Некоторое время его не было. Потом он вышел. Подавленно молчал. С силой потер ладошкой лоб.

Подбежали другие… По виду Красулина догадались, что тут случилось.

— Казаки?

— Должно… Кто же больше?

— Они, больше некому. Раз скоморохов взяли, то они. Не татарва же… Казачье дело.

— Вот чего, — заговорил Красулин, — скоморохов взяли — это не скроешь теперь, а вот стражных срубили — то надо замести как-нибудь. Надо чего-то выдумать.

— Срубили?! — узнавали вновь подбегающие.

— Вон лежат… За скоморохов можно перетерпеть, а за этих — не приведи господи: всем будет. Еслив кто из вас донесет тайком, и тому несдобровать: я всех тут знаю.

— Совсем срубили-то? — Двое вошли в башню… И тотчас вышли. — Да… Напополам развалили.

— Чего делать-то? — вслух думал Иван. — Самих ведь срубют… Ишо и умысел потайной присобачут: нарошно, мол, попустили. И так воевода окрысился давеч: «С ворами гуляете!»

— В воду, чего!.. Чего тут больше выдумаешь? Ушли — и все тут. С казаками ушли, мол. Кто проверит?

— Знамо, им теперь — где-нигде… все то же. Тут не грех и об себе подумать. Да ить как скоро управились!

— Как? Все-то как думаете? — спросил Красулин.

— В воду — и подальше, — согласились все.


***

С астраханской стороны Болды послышался конский топот, голоса. Свистнули.

На этой стороне от костров отделилось несколько фигур; пошли к воде. Было уже совсем темно.

— Ты, Фрол?! — спросил отсюда голос Ивана Черноярца.

— Мы! — откликнулся Фрол. — Переплавляйте!

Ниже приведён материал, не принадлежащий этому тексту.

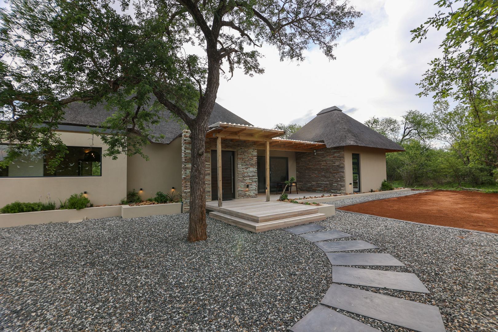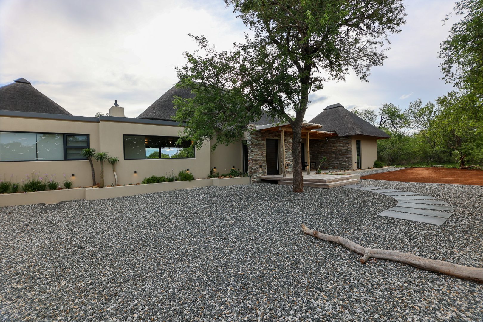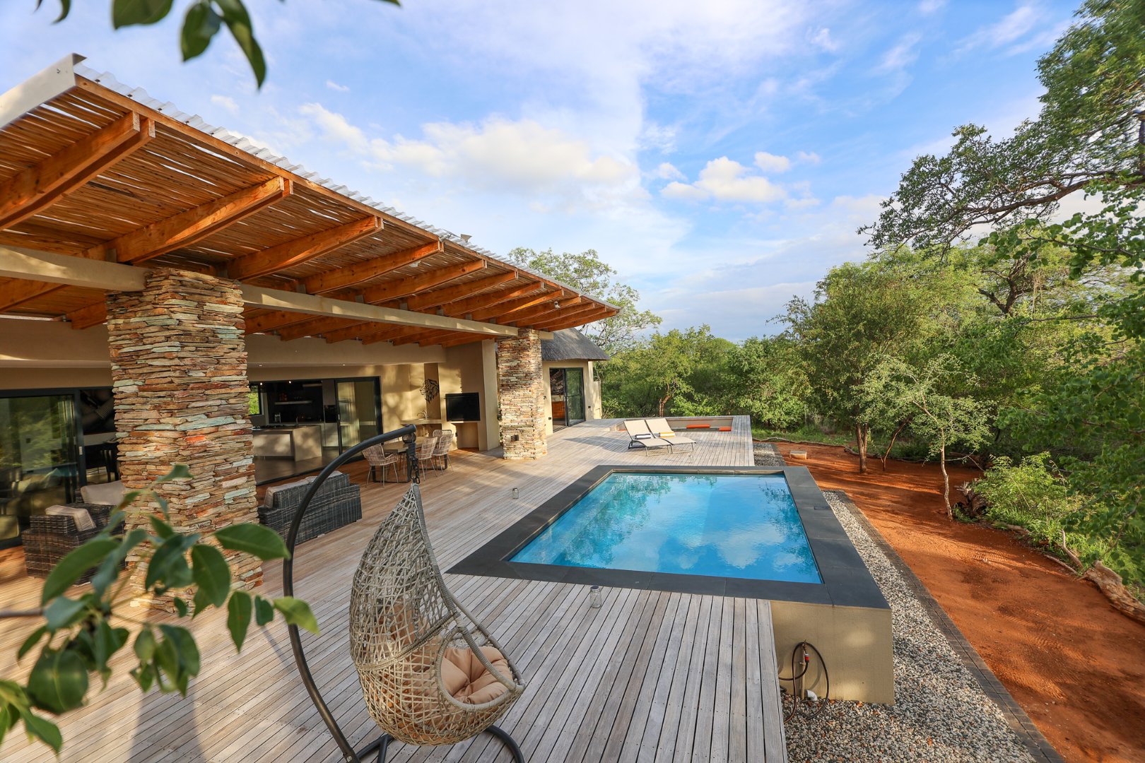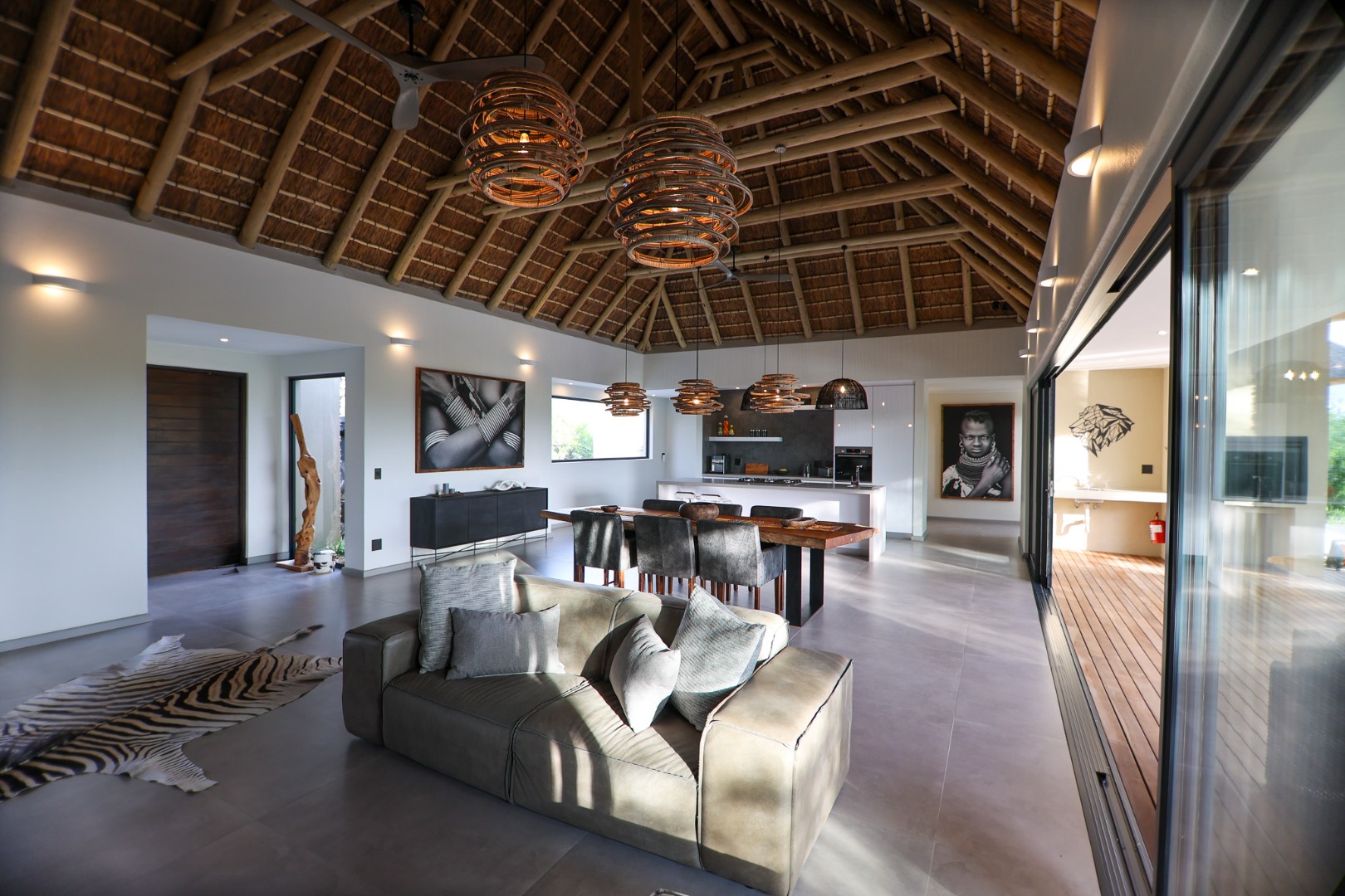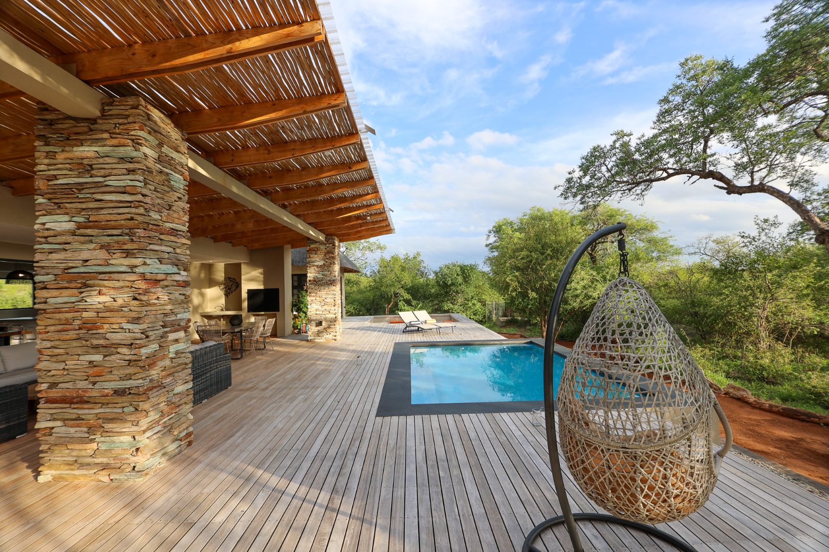 The Home is Sold Fully Furnished. This exceptional 3-bedroom residence, nestled within the prestigious Zandspruit Bush & Aero Estate, offers a harmonious blend of modern design and natural bushveld aesthetics. Characterised by striking thatched roofs, stone pillars, and extensive wood, the property exudes sophisticated safari-style charm, creating an inviting kerb appeal.

Два стружка отвалили от берега.

На той стороне заводили коней в воду, пускали вплавь одних. Фырканье коней, плеск воды, голоса людей звучно отдавались ночной рекой. Ночи стояли тихие.

Стружки ткнулись в берег… Фрол прыгнул в передний.

— Ну как? — спросил его Черноярец. — Привез?

— Везем… Старик кончился дорогой. А парню язык срезали. Живой пока, но… худой тоже.

— Ох?.. Успели. — Иван сокрушенно прицокнул.

— Куда старика-то? — спросили есаулов с берега.

— Заноси! — велел Иван. — Завтра схороним. Вот твари дак твари!.. И за што ухайдакали? Ни за што.

Занесли на струг тело старика и полуживого Семку, поплыли.

— Уходить надо, — сказал Фрол. — Мы там двух стрельцов срубили… Всполохнуться могут.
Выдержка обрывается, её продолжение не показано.